Several mechanisms have been reported in which Cd can alter carcinogenic processes. Cd can lead to mutation and cancer initiation through induction of DNA damage, suppression of DNA repair system, abnormal DNA methylation, suppression of apoptosis, endocrine disruption, induction of oxidative stress, formation of reactive oxygen species, and destruction of antioxidant enzymes (Figure 3).^79,80 Cd also inhibits p53 and p27, tumor suppressor genes, and activates the expression of the c-myc and c-Jun genes.⁸¹

Figure 3.

A summary of the underlying mechanisms by which Cd exerts its effect on the initiation of GI cancers. Cd can lead to mutation and cancer initiation through induction of DNA damage, suppression of DNA repair system, abnormal DNA methylation, suppression of apoptosis, endocrine disruption, induction of oxidative stress, formation of reactive oxygen species, and destruction of antioxidant enzymes. Cd can also inhibit the expression of p53 and p27, tumor suppressor genes, and activates the expression of the c-myc and c-Jun genes.

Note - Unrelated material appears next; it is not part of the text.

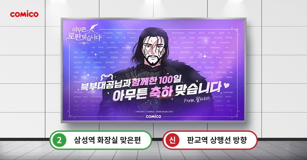 25일 웹툰 업계에 따르면 네이버시리즈는 이달 초 대표 노블코믹스(웹툰화한 웹소설) '화산귀환' 속 주인공 청명의 생일(10월 10일)을 축하하기 위해 5호선 청구역과 4호선 명동역, 신분당선 판교역 세 군데에 대형 생일 광고를 내걸었다.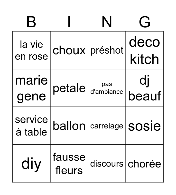 This bingo card has 16 words: fausse fleurs, sosie, préshot, la vie en rose, service à table, choux, carrelage, discours, marie gene, petale, diy, deco kitch, ballon, dj beauf, pas d'ambiance and chorée.

Cd can affect E-cadherin function, which results in breaking tight cell junctions (Figure 4). This affected function can reduce mucus thickness, content, and basal acid excretion, increase lipid peroxidation and destroy the gastric mucosal barrier. This may indicate a triggering step in both cancer occurrence and tumor development.⁸² Of these mechanisms, the oxidative properties of cells are the most relevant. Cd can increase the number of reactive oxygen species, leading to weakened antioxidant defense. Cd also can replace membrane and/or cytoplasmic copper or iron and release unbound heavy metal ions involved in the Fenton reaction.⁸³

Figure 4.

The underlying mechanism of Cd-induced gastric cancer. Cd can interfere with E-cadherin function, which leads to the destruction of the tight cell junctions. This affected function can decrease mucus thickness, content, and basal acid excretion, increase lipid peroxidation and destroy the gastric mucosal barrier. This may indicate a triggering step in both cancer occurrence and tumor development.

Colorectal cancer

Colorectal cancer (CRC) is one of the deadliest neoplasms worldwide; in 2020, there were more than 1.9 million new cases.⁸⁴ The colorectal cancer, known as adenocarcinoma, usually emerges from the glandular epithelial cells of the large intestine. Most of the time, CRC happens when specific epithelium cells acquire a series of genetic or epigenetic mutations.⁸⁵ The database on GLOBOCAN 2018 shows the grade of this cancer is the third most deadly, and besides that, in fourth grade, about the most commonly diagnosed cancer in the world.^86,87 CRC exhibits a prevalence of 6.1% in terms of incidence and a mortality rate of 9.2%, ranking as the second most lethal cancer. According to estimates, the cumulative incidence of mortality due to colon and rectal cancer is projected to escalate by 71. 5% and 60%, correspondingly, by the year 2035.^88,89 It is projected that in the year 2018, approximately 1,096,000 novel occurrences of colon cancer will be identified, alongside an anticipated total of 704,000 recent incidents of rectal cancer. Collectively, these findings correspond to a total of 1. 8 million fresh incidences of colorectal cancer.⁹⁰ In 10 of the 195 countries worldwide, CRC is the most prevalent cancer among men. There are several ways to diagnose, such as medical imaging, histopathology, and staging. Generally, diagnosis is performed by sampling areas of the colon suspicious of possible tumor development, and it depends on the location of the lesion, typically in the abdomen and pelvis.⁹¹ The histopathology method works with tissues taken from a biopsy or surgery to search whether there is a tumor inside it or not. Eventually, the staging of the cancer is based on radiological and pathological findings. The estimation shows that there are different types of activity to treat CRC, such as surgery, chemotherapy, radiation therapy, and immunotherapy. The cancer stage is essential for the surgery, so it may be removed during a colonoscopy using several techniques if it is in an early stage. It can be in two methods, but it depends on factors in every person, and it is divided into laparotomy or laparoscopy.⁹¹ In chemotherapy, it can be done using drugs like capecitabine, fluorouracil, irinotecan, oxaliplatin, and UFT.⁹²

There are several risk factors for this cancer which can be classified as health-related behaviors such as lifestyle, smoking, obesity, and exercise; another group of factors are social factors like education, income, and government expenditure on health. But between these factors, the increase in morbidity is influenced by lifestyle, body fatness, and dietary patterns.⁸⁴ This shows the impact of economic growth on the new way of life in developing countries that leads to low physical activity and consuming more animal fats, processed meats, refined grains or sweets, a low supply of dietary fibers, fruits, and vegetables. One of the significant impacts of increasing CRC is pollutants such as metals.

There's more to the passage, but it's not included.